* **TO DO**: Write down the lines exactly as they appear, from the one that contains "点击运行后智脑将会提醒您上传" through the final line of the records, so that both ends are kept and no pictures come along.
*** Opening LISTED ENTRIES ***
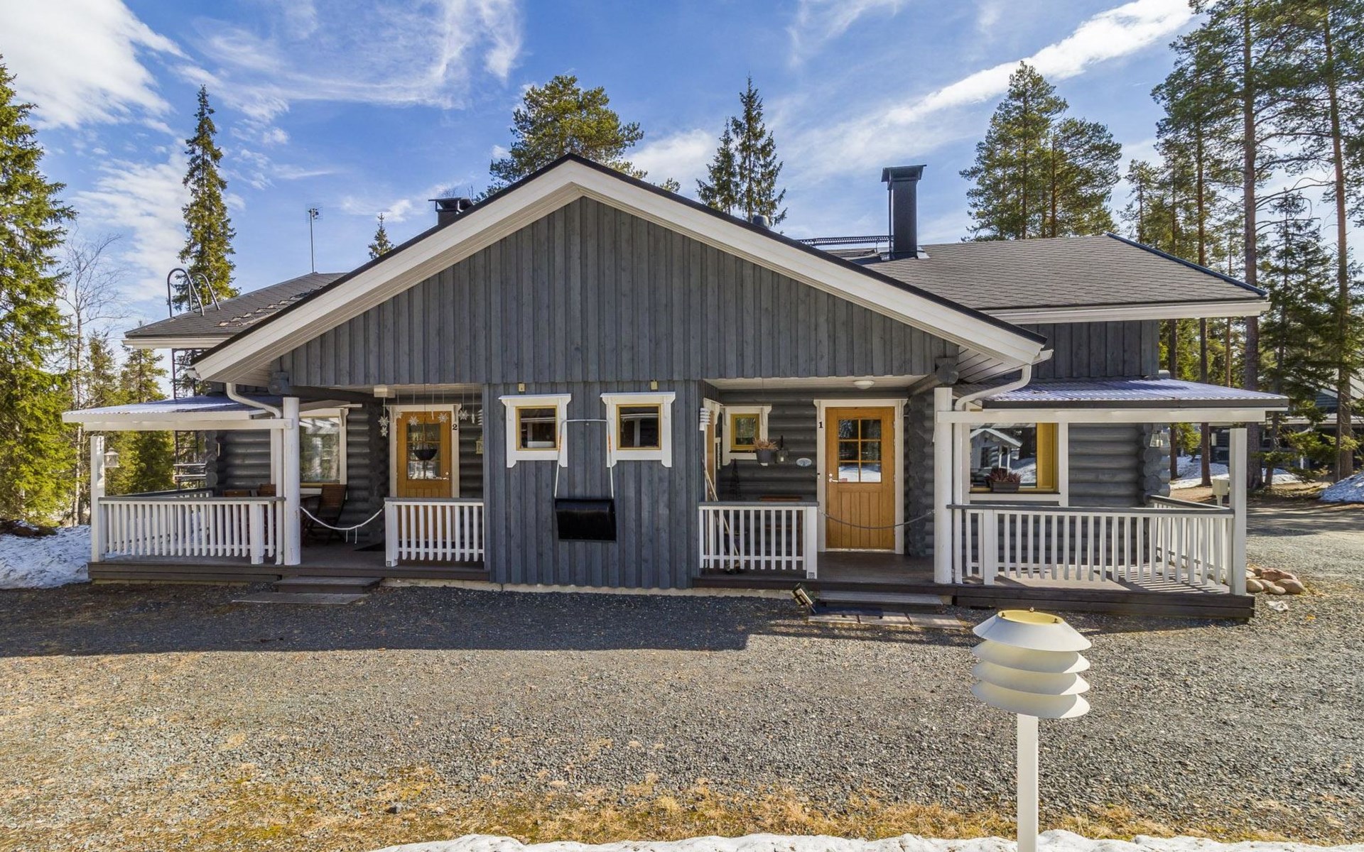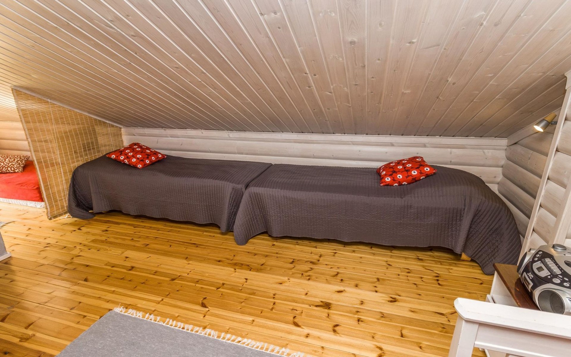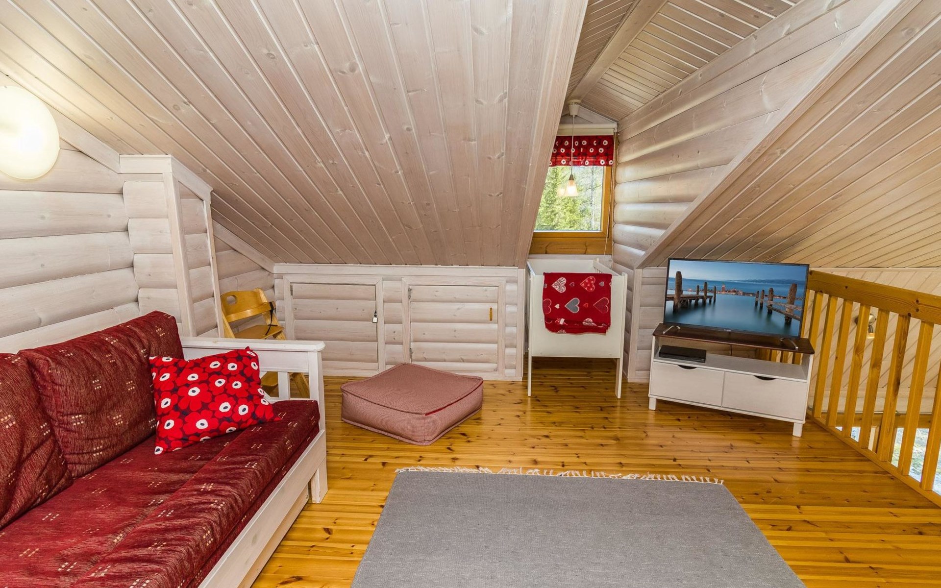 Welcome to enjoy a holiday in this magnificent log-built semi-detached cabin, which offers ideal conditions for both families and groups of friends. This bright and spacious cabin is perfect for relaxing and enjoying nature year-round. The ground floor features a bedroom with a double bed. The spacious loft has two single beds, a sofa bed for two, and additional mattresses. The cabin accommodates a maximum of 6 people, so there is plenty of space for everyone. The living room/kitchen allows you to prepare delicious meals during your stay, and the electric sauna provides relaxing moments after an active day.
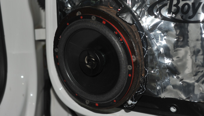 喇叭安装在原车喇叭处,在安装喇叭之前,技师们为喇叭加装喇叭垫圈,喇叭垫圈是经过防水处理的,这样既可以止振,又可以防水,在保证了喇叭更好表现的同时还保证了喇叭的使用寿命。
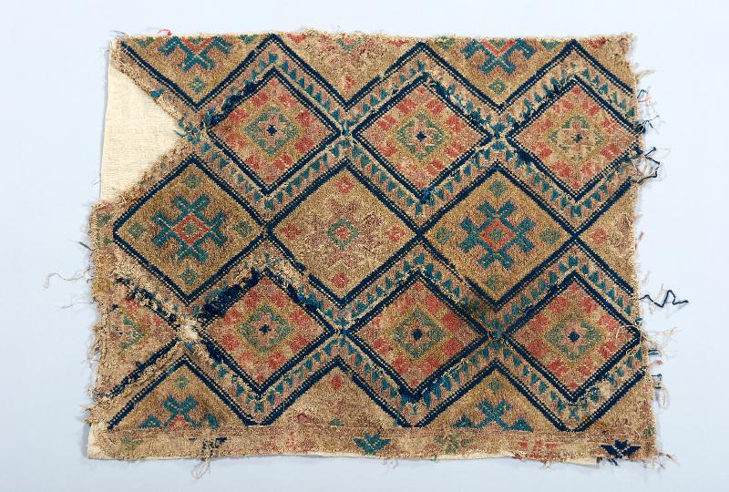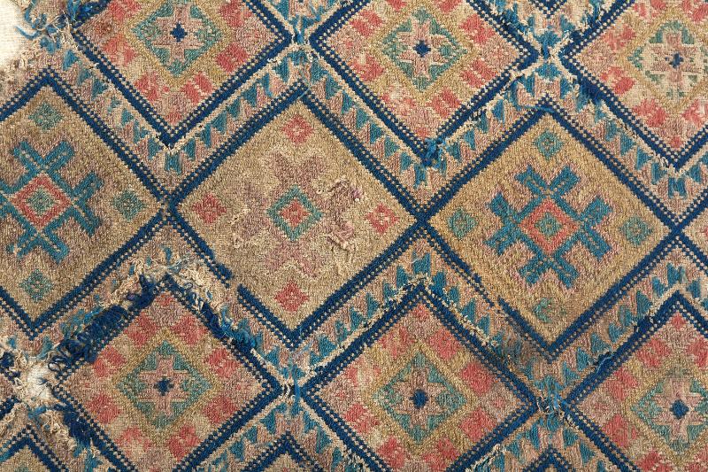 • Mönsterinslag av ylle i mörkblått, ljusblått, rött, grönt, brunt, gult, violett, vitt (nu beige). Gråvit linnebotten.
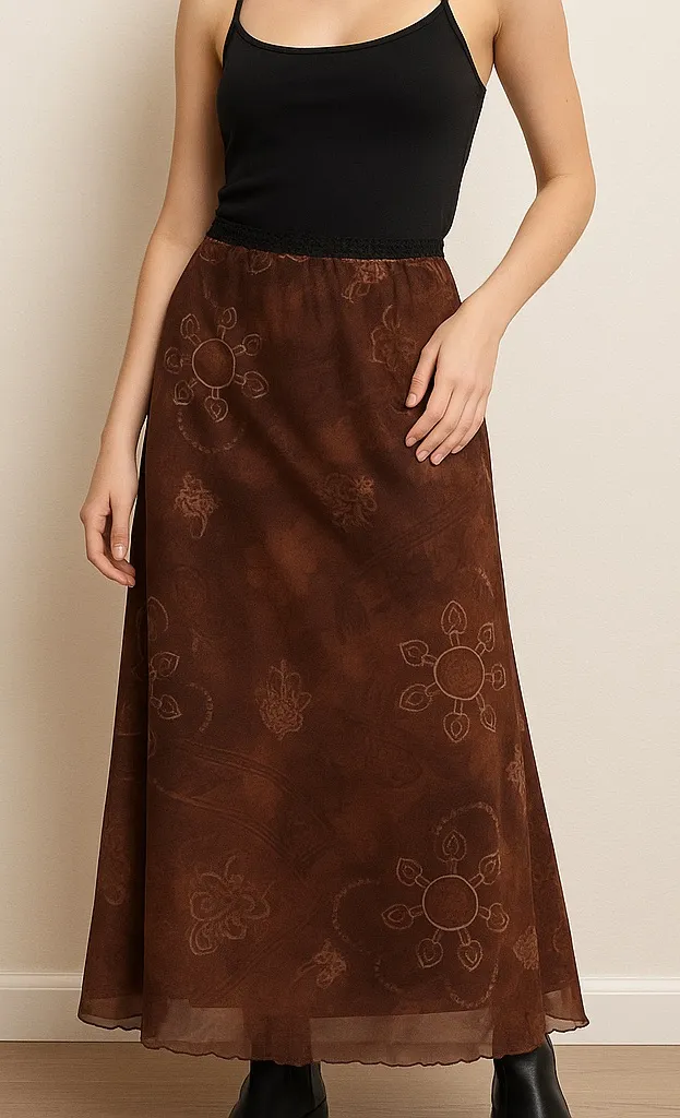 Beautiful vintage boho-inspired brown maxi skirt featuring a flowy silhouette and a semi-sheer printed overlay with floral and paisley motifs. The waistband is finished with delicate black lace trim, adding a soft feminine touch. Lightweight, airy, and perfect for year-round styling. This piece gives a strong 90s/Y2K bohemian vibe, ideal for pairing with tanks, knits, or boots. Details: • Maxi length • Brown + tan tonal floral/paisley pattern • Black lace waistband • Sheer mesh overlay with lining • Flowy, easy fit • Great pre-loved condition Measurements: • Waist (unstretched): ~13” • Waist (stretched): ~16” • Length: Maxi Fits S–M depending on desired fit and stretch. A perfect piece for lovers of boho, festival, gypsy, Y2K, earthy aesthetic, cottagecore, soft grunge, and unique vintage skirts. Keywords: boho maxi skirt, vintage brown skirt, lace waistband, paisley skirt, sheer overlay skirt, Y2K skirt, festival clothing, earthy aesthetic, hippie skirt, 90s boho, patterned maxi skirt, mesh skirt
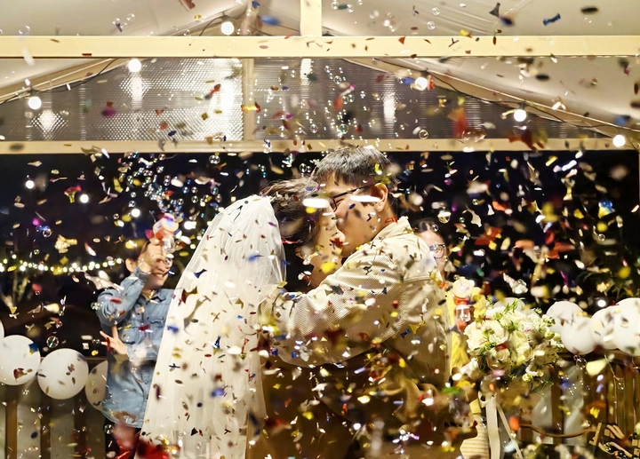 伴随着求婚的成功,礼炮和泡泡在空中飞舞,恋人在亲朋好友的祝福和欢声笑语中相拥在一起,这是属于他们的幸福时刻!
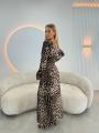 Почувствуйте себя дерзкой и стильной в этомдлинном эластичном платье с длинными рукавами и анималистическим принтом от lady in leopard brown!.
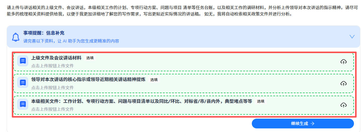 点击运行后智脑将会提醒您上传上级文件及会议讲话材料,领导对本次讲话的核心知识和本级相关文件等选填文件 为您生成更精准有针对性的内容。
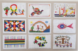 Nachdem mir über 200 Frauen aus 28 verschiedenen Nationalitäten (von Kanada bis Korea, von Schweden bis Guinea) ihre Stickereien zukommen ließen, habe ich auf weitere Zusendungen verzichten müssen. Es sind viele kleine Kunstwerke entstanden und jede Stickarbeit ist auf ihre Weise schön und einzigartig. Fast alle Frauen haben zu ihren Arbeiten kurze Texte geschrieben.
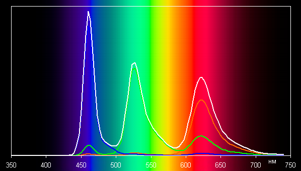 Впрочем, в случае профиля Обычные даже без коррекции баланс оттенков на шкале серого хороший, так как цветовая температура немного выше стандартных 6500 К, и отклонение от спектра абсолютно черного тела (ΔE) ниже 10 единиц, что для потребительского устройства считается хорошим показателем. При этом цветовая температура и ΔE мало изменяются от оттенка к оттенку — это положительно сказывается на визуальной оценке цветового баланса. (Самые темные области шкалы серого можно не учитывать, так как там баланс цветов не имеет большого значения, да и погрешность измерений цветовых характеристик на низкой яркости большая.)
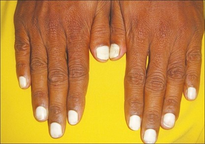 Leukonychia totalis is a clinical manifestation of hypoalbuminemia, which can occur in nephrotic syndrome, protein malabsorption, and protein-losing enteropathies. This disorder is characterized by whitening the entire nail and is most likely to affect all nails.
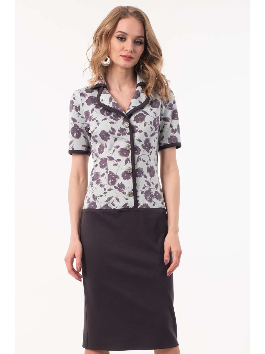Очаровательное платье полуприлегающего силуэта из трикотажного полотна серого цвета. Фигурный вырез платья эффектно подчеркнут отложным воротником. По переду изделия выполнена планка с застежкой на пуговицы. Втачные рукава, воротник и планка переда обработаны контрастной окантовкой. Аксессуары в комплект не входят.
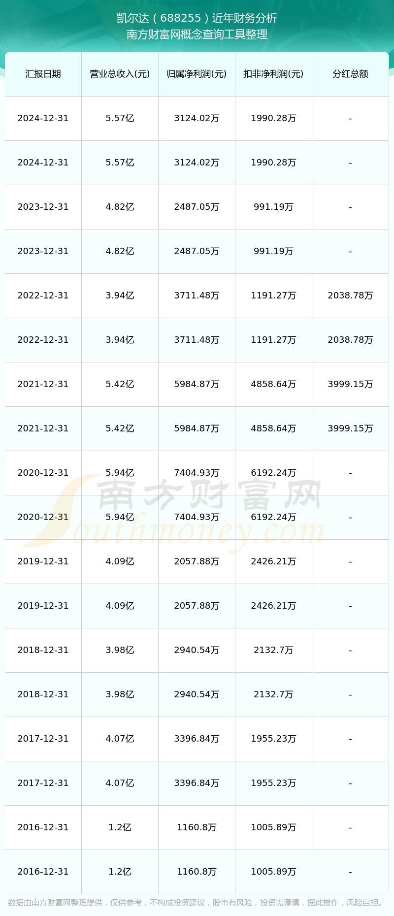 凱爾達公司2024年實現營收5.57億元,凈利潤3124.02萬元,毛利率20.43%。
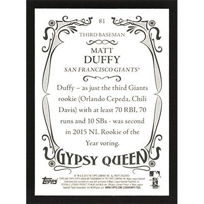 This is a 2016 Topps Gypsy Queen Matt Duffy baseball card. The card is #81 and pictures show condition. Team(s): San Francisco Giants Rookie Card (RC)
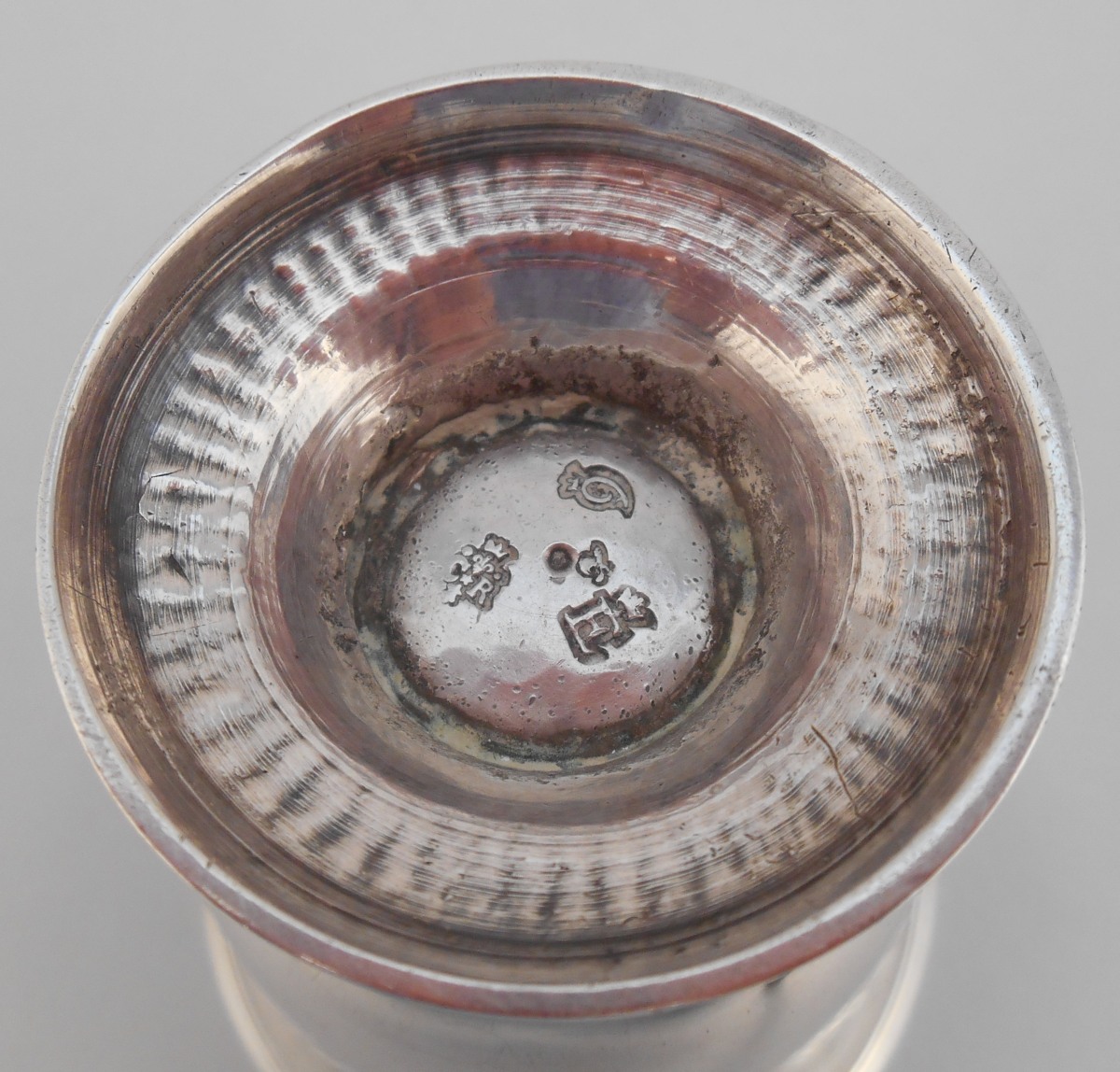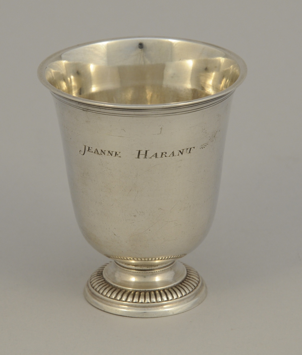 RENNES. TIMBALE dite TULIPE en argent uni reposant sur un piédouche orné d'une frise de godrons. Le col souligné de filets. Gravée en partie supérieure "Jeanne Harant".
*** Closing LISTED ENTRIES ***
* **TASK SOLUTION**:
 点击运行后智脑将会提醒您上传上级文件及会议讲话材料,领导对本次讲话的核心知识和本级相关文件等选填文件 为您生成更精准有针对性的内容。
 Nachdem mir über 200 Frauen aus 28 verschiedenen Nationalitäten (von Kanada bis Korea, von Schweden bis Guinea) ihre Stickereien zukommen ließen, habe ich auf weitere Zusendungen verzichten müssen. Es sind viele kleine Kunstwerke entstanden und jede Stickarbeit ist auf ihre Weise schön und einzigartig. Fast alle Frauen haben zu ihren Arbeiten kurze Texte geschrieben.
 Впрочем, в случае профиля Обычные даже без коррекции баланс оттенков на шкале серого хороший, так как цветовая температура немного выше стандартных 6500 К, и отклонение от спектра абсолютно черного тела (ΔE) ниже 10 единиц, что для потребительского устройства считается хорошим показателем. При этом цветовая температура и ΔE мало изменяются от оттенка к оттенку — это положительно сказывается на визуальной оценке цветового баланса. (Самые темные области шкалы серого можно не учитывать, так как там баланс цветов не имеет большого значения, да и погрешность измерений цветовых характеристик на низкой яркости большая.)
 Leukonychia totalis is a clinical manifestation of hypoalbuminemia, which can occur in nephrotic syndrome, protein malabsorption, and protein-losing enteropathies. This disorder is characterized by whitening the entire nail and is most likely to affect all nails.
Очаровательное платье полуприлегающего силуэта из трикотажного полотна серого цвета. Фигурный вырез платья эффектно подчеркнут отложным воротником. По переду изделия выполнена планка с застежкой на пуговицы. Втачные рукава, воротник и планка переда обработаны контрастной окантовкой. Аксессуары в комплект не входят.
 凱爾達公司2024年實現營收5.57億元,凈利潤3124.02萬元,毛利率20.43%。
 This is a 2016 Topps Gypsy Queen Matt Duffy baseball card. The card is #81 and pictures show condition. Team(s): San Francisco Giants Rookie Card (RC)
 RENNES. TIMBALE dite TULIPE en argent uni reposant sur un piédouche orné d'une frise de godrons. Le col souligné de filets. Gravée en partie supérieure "Jeanne Harant".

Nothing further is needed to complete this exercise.